(Records from a data collection)
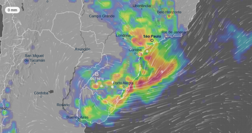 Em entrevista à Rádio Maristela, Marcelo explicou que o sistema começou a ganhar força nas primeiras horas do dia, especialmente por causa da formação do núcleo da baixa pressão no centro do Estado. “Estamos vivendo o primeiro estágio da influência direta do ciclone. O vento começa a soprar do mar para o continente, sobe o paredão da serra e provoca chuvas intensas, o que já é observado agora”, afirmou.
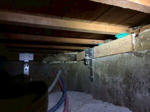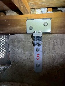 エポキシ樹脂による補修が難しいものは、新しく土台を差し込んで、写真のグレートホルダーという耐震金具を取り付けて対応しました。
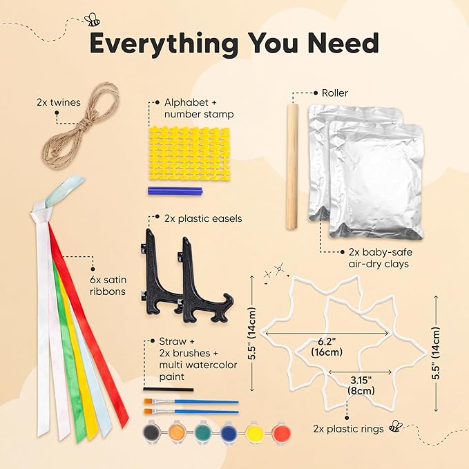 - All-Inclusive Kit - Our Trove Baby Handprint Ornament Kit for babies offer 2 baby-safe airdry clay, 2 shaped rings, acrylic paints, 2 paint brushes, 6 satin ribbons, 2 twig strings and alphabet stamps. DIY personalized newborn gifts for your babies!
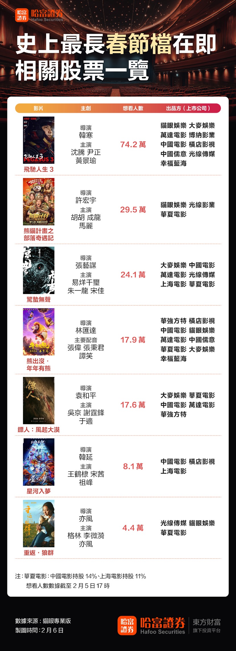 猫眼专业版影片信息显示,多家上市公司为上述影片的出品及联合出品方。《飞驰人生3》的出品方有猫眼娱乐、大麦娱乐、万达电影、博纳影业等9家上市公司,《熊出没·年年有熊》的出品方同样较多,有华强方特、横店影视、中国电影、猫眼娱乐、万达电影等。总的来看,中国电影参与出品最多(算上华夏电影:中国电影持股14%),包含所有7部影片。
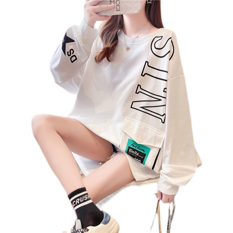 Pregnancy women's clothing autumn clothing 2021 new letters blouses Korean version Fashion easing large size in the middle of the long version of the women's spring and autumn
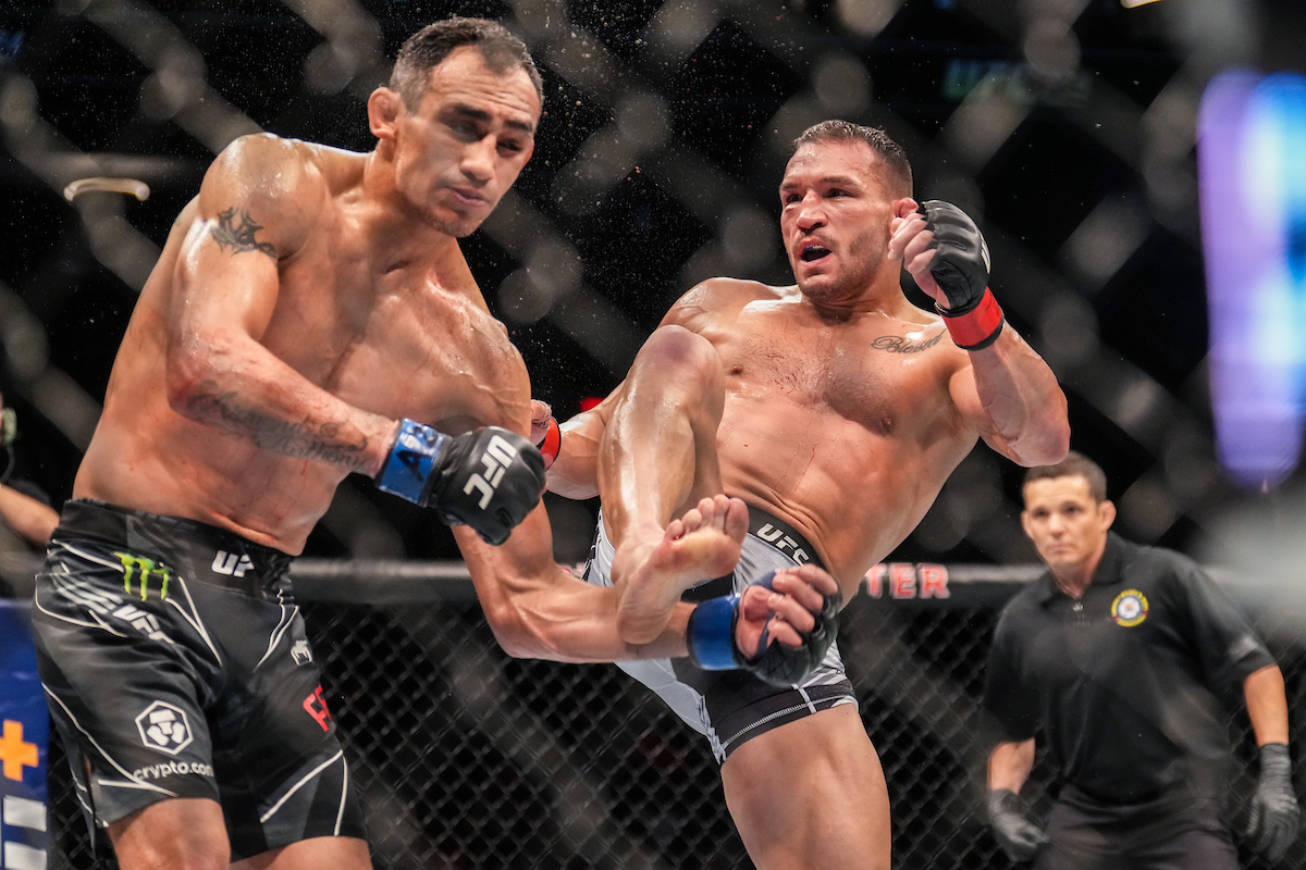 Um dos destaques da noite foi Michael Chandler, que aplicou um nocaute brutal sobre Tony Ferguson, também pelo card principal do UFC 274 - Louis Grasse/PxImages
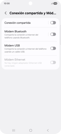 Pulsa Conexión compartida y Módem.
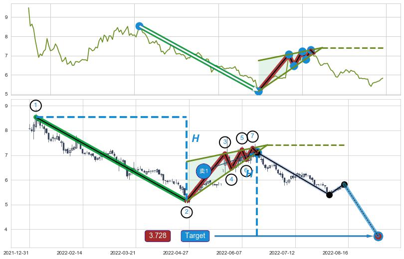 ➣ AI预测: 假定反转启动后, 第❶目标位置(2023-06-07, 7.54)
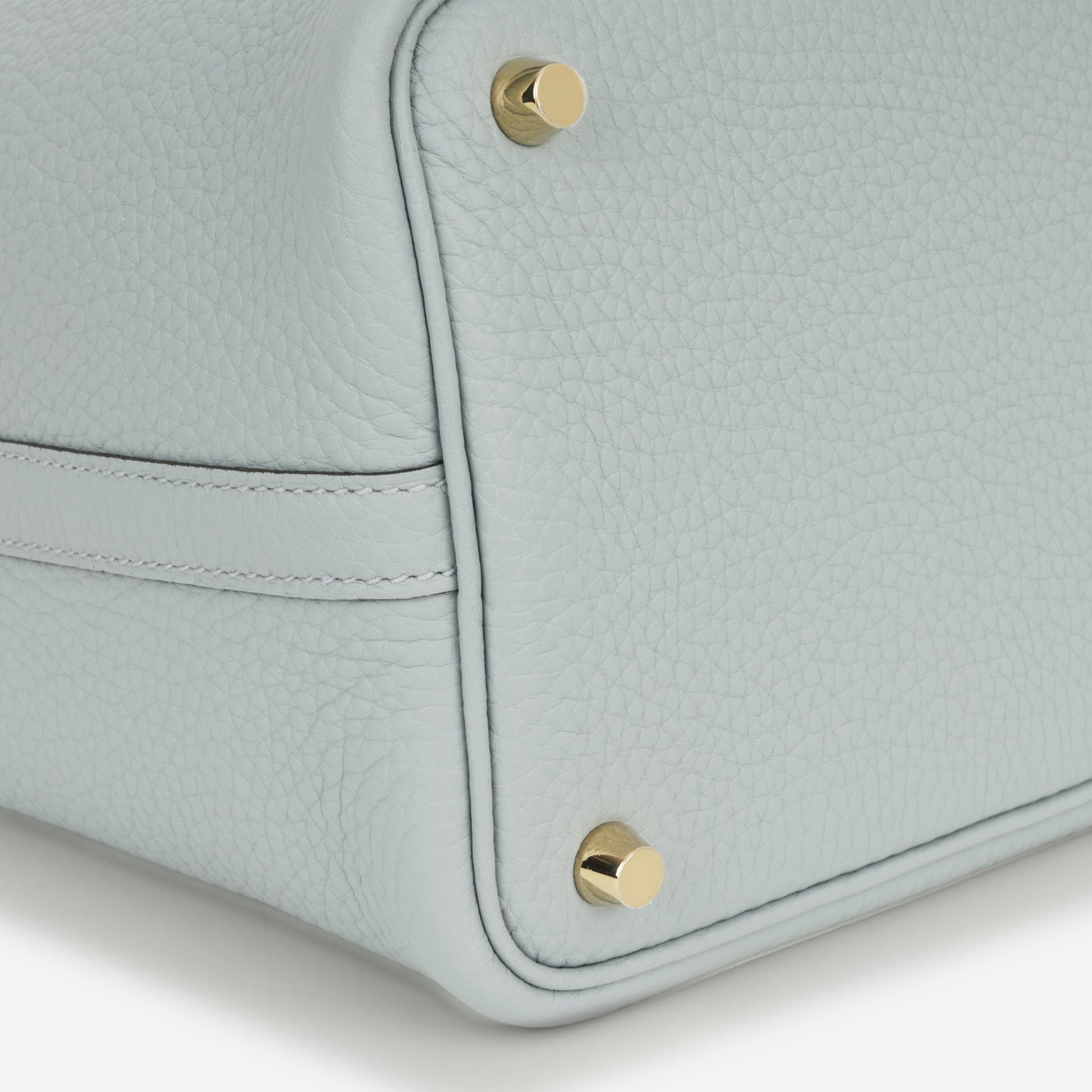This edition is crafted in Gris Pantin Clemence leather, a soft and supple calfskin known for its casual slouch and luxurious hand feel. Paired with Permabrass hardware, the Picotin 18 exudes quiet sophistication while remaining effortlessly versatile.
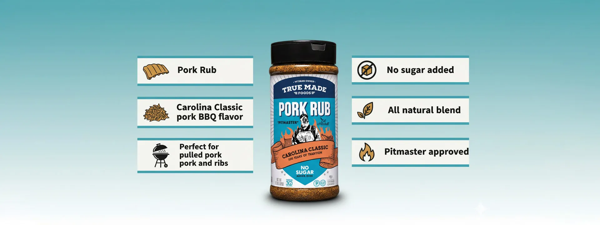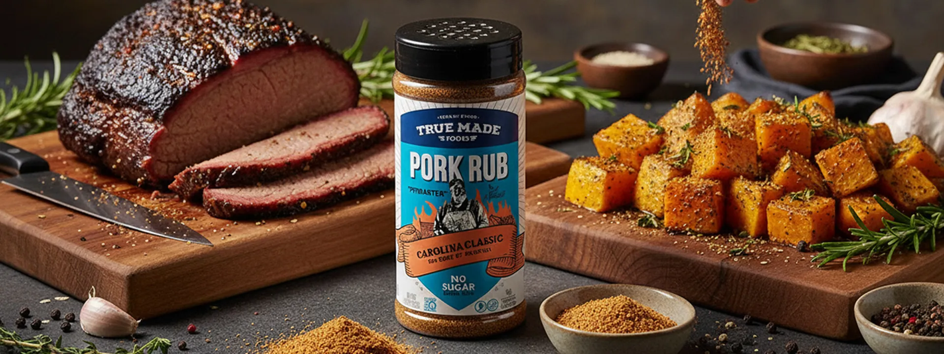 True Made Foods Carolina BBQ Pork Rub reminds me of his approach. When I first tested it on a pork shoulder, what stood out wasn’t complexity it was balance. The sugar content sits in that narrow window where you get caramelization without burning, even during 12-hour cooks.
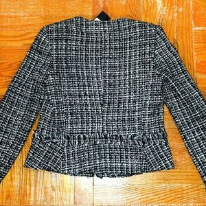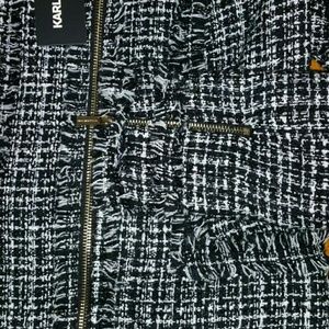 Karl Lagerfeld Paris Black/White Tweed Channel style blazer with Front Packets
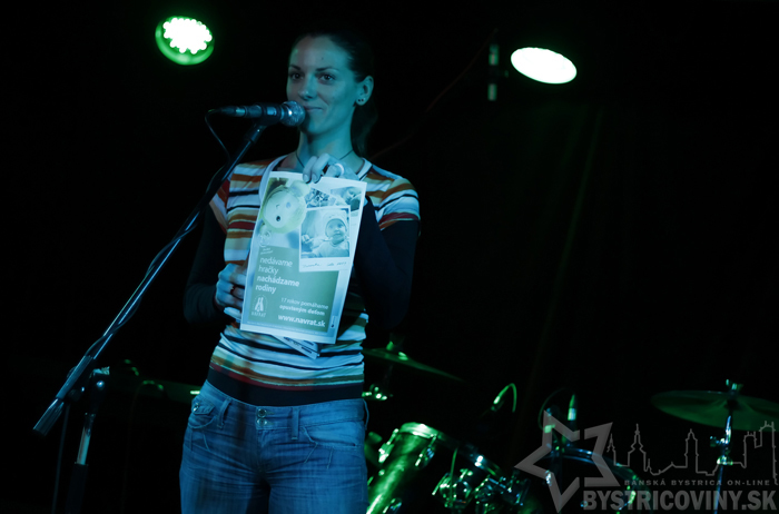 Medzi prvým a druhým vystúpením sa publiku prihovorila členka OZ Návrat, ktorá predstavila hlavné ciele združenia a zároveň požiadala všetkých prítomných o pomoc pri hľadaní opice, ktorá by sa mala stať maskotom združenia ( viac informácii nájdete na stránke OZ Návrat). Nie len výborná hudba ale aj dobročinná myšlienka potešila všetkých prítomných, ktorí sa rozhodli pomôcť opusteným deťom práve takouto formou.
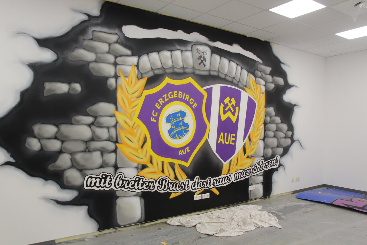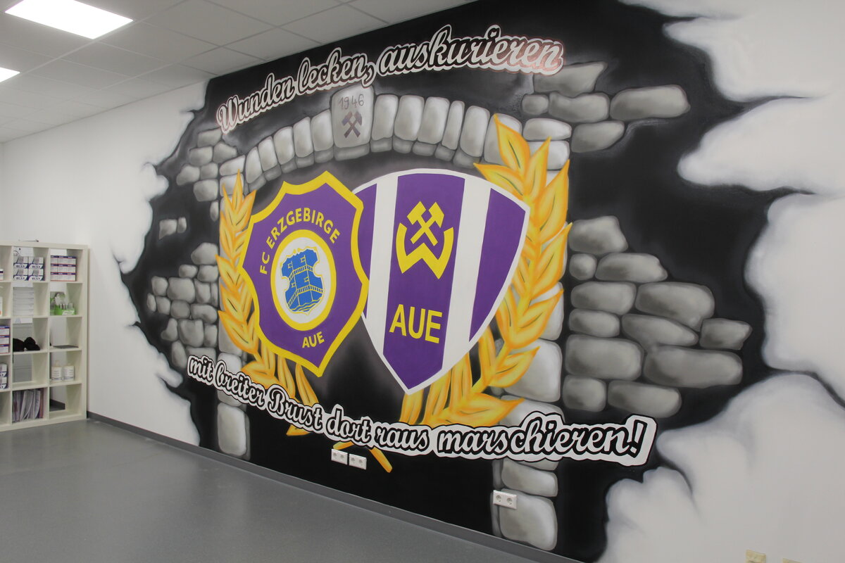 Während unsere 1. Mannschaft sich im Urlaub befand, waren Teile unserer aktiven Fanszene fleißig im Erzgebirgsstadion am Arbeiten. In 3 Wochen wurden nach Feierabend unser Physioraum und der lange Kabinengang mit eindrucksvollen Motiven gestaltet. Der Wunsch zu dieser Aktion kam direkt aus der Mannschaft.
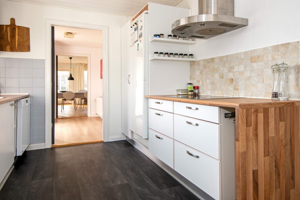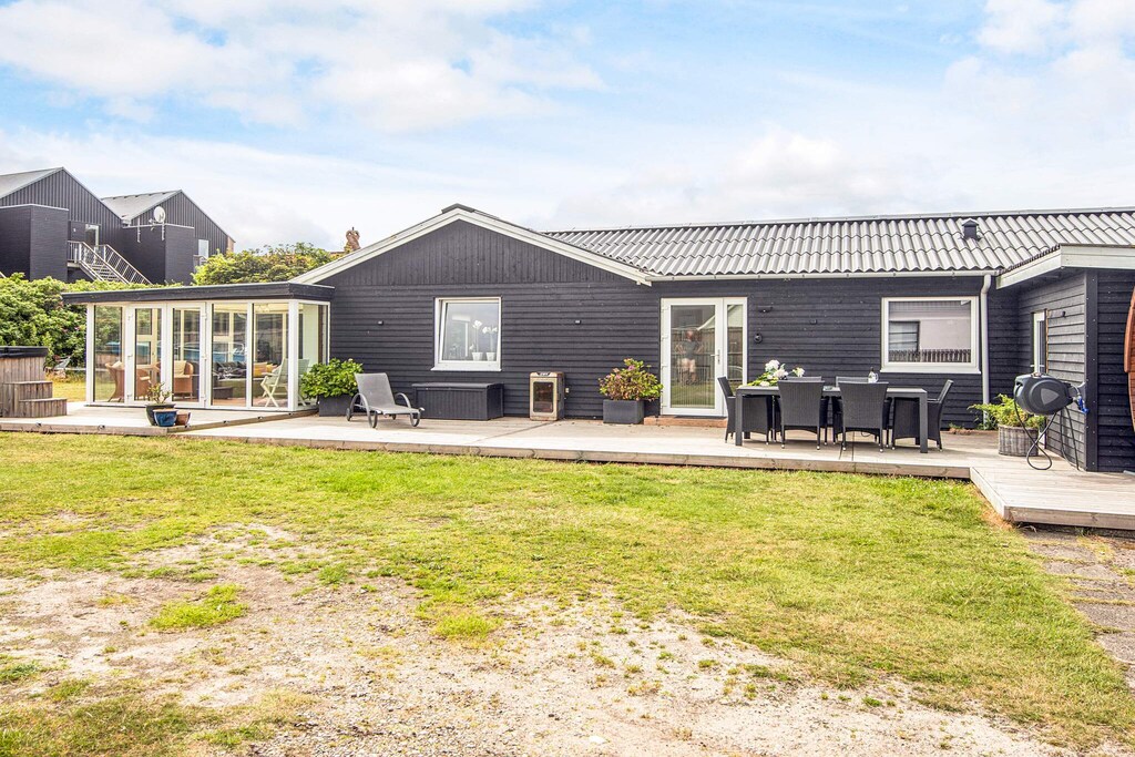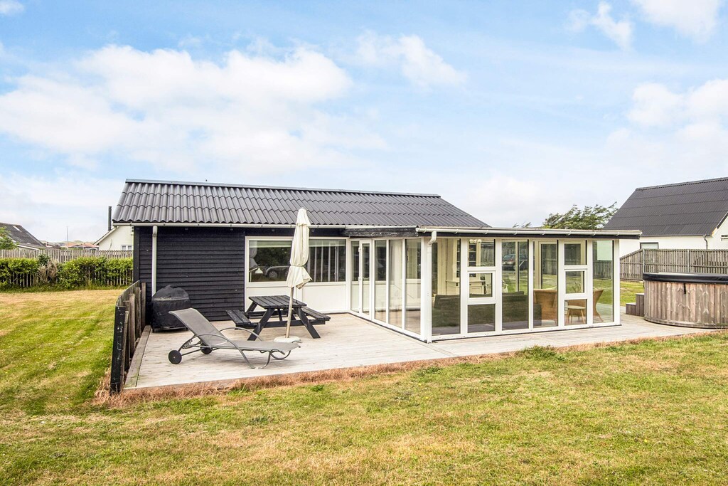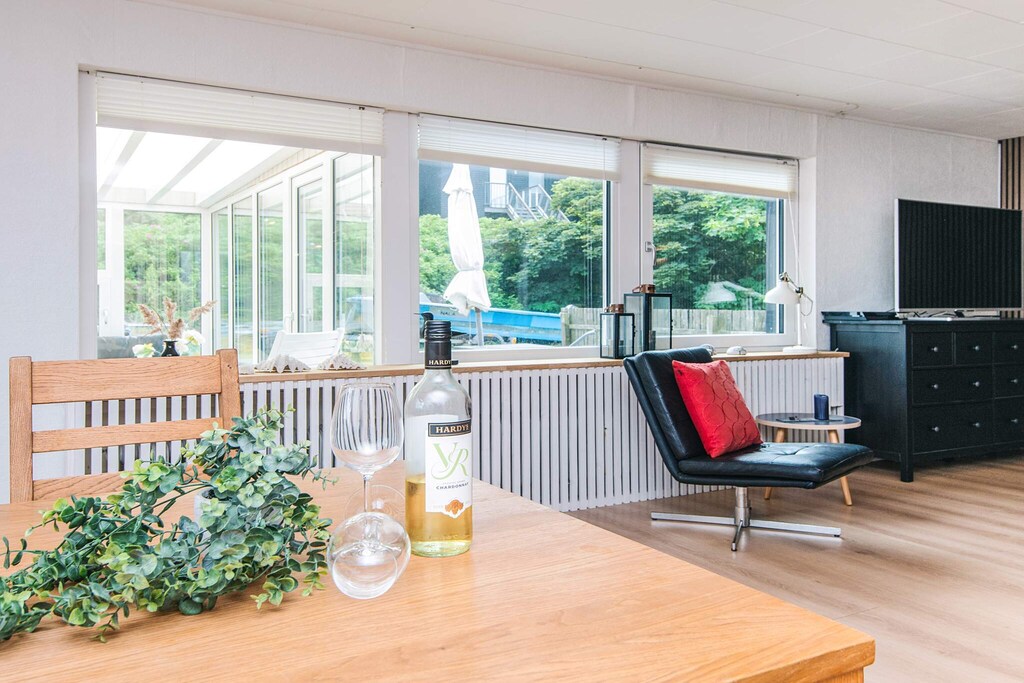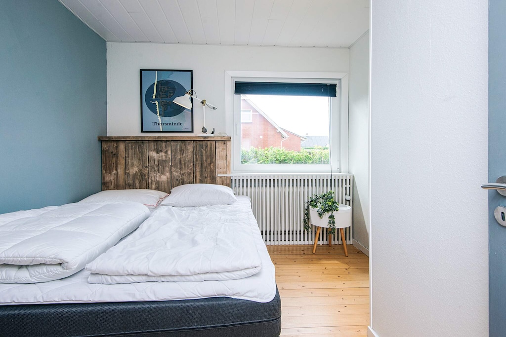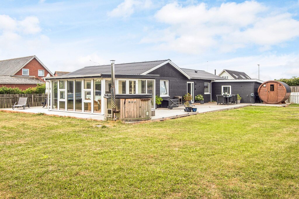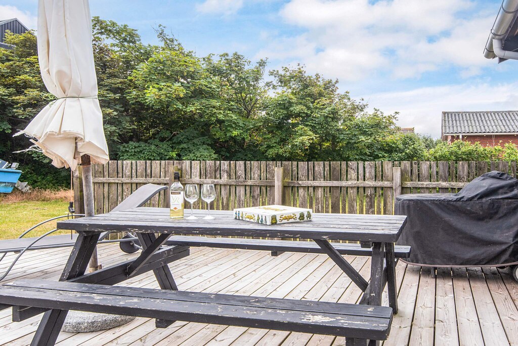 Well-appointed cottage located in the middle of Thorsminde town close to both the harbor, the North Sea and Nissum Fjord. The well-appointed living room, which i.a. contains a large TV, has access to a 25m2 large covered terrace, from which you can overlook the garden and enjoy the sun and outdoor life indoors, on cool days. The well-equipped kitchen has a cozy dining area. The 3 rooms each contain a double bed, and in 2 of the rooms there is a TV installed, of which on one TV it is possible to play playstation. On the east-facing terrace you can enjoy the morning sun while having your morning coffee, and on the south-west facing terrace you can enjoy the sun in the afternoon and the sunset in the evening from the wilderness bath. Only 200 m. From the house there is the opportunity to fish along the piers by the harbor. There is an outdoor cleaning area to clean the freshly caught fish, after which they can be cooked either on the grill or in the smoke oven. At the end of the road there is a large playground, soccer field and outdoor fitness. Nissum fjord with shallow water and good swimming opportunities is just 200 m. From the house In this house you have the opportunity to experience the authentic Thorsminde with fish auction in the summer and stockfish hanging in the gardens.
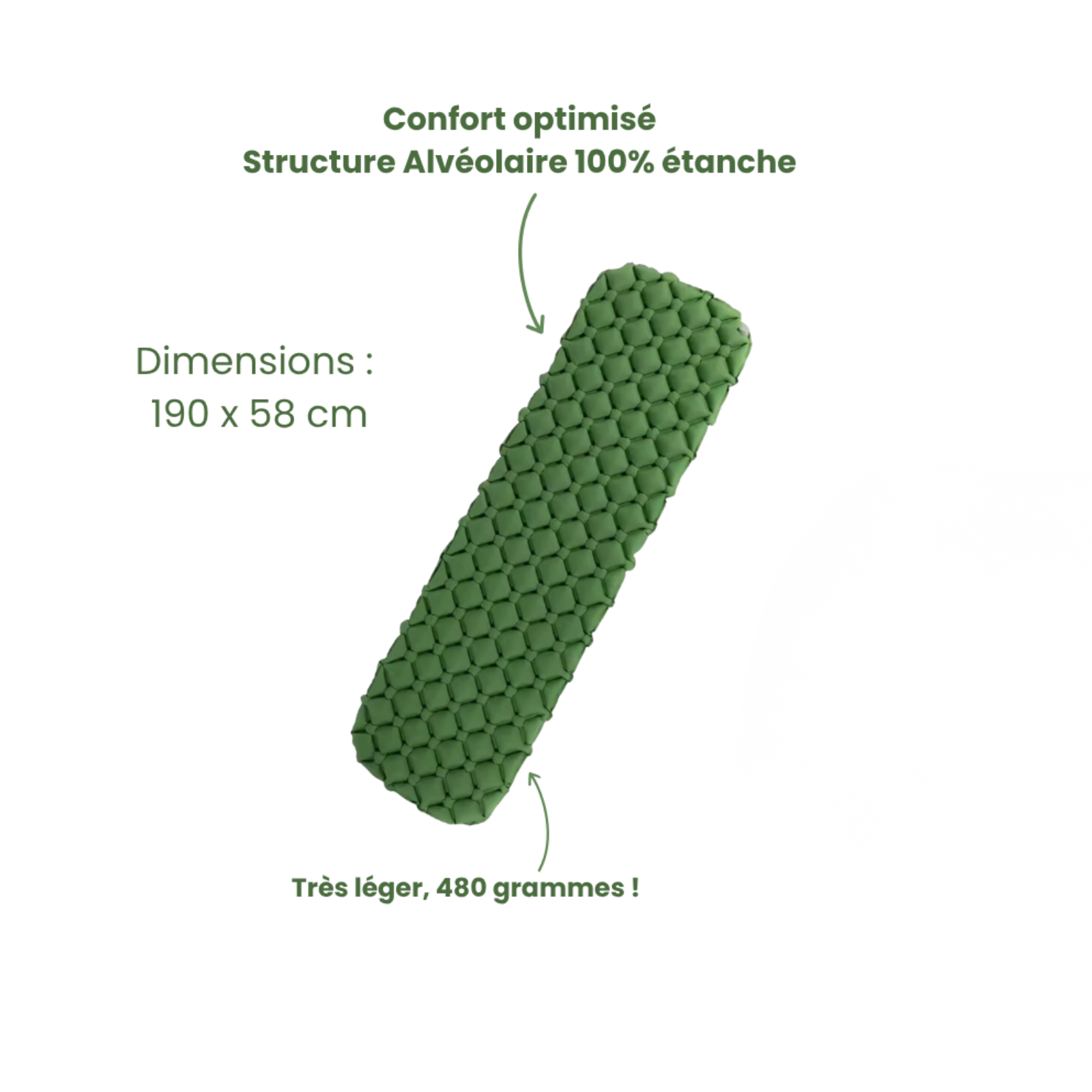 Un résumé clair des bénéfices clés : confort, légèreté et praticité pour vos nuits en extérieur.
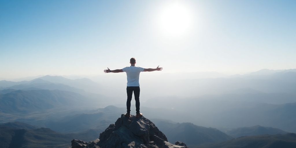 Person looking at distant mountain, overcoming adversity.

> **What you have to do**:
Among the lines above, the one with "- All-Inclusive Kit" opens the part to repeat and the one with "猫眼专业版影片信息显示,多家" closes it; repeat only that part exactly, with no pictures.

> **Output for this task**:
 - All-Inclusive Kit - Our Trove Baby Handprint Ornament Kit for babies offer 2 baby-safe airdry clay, 2 shaped rings, acrylic paints, 2 paint brushes, 6 satin ribbons, 2 twig strings and alphabet stamps. DIY personalized newborn gifts for your babies!
 猫眼专业版影片信息显示,多家上市公司为上述影片的出品及联合出品方。《飞驰人生3》的出品方有猫眼娱乐、大麦娱乐、万达电影、博纳影业等9家上市公司,《熊出没·年年有熊》的出品方同样较多,有华强方特、横店影视、中国电影、猫眼娱乐、万达电影等。总的来看,中国电影参与出品最多(算上华夏电影:中国电影持股14%),包含所有7部影片。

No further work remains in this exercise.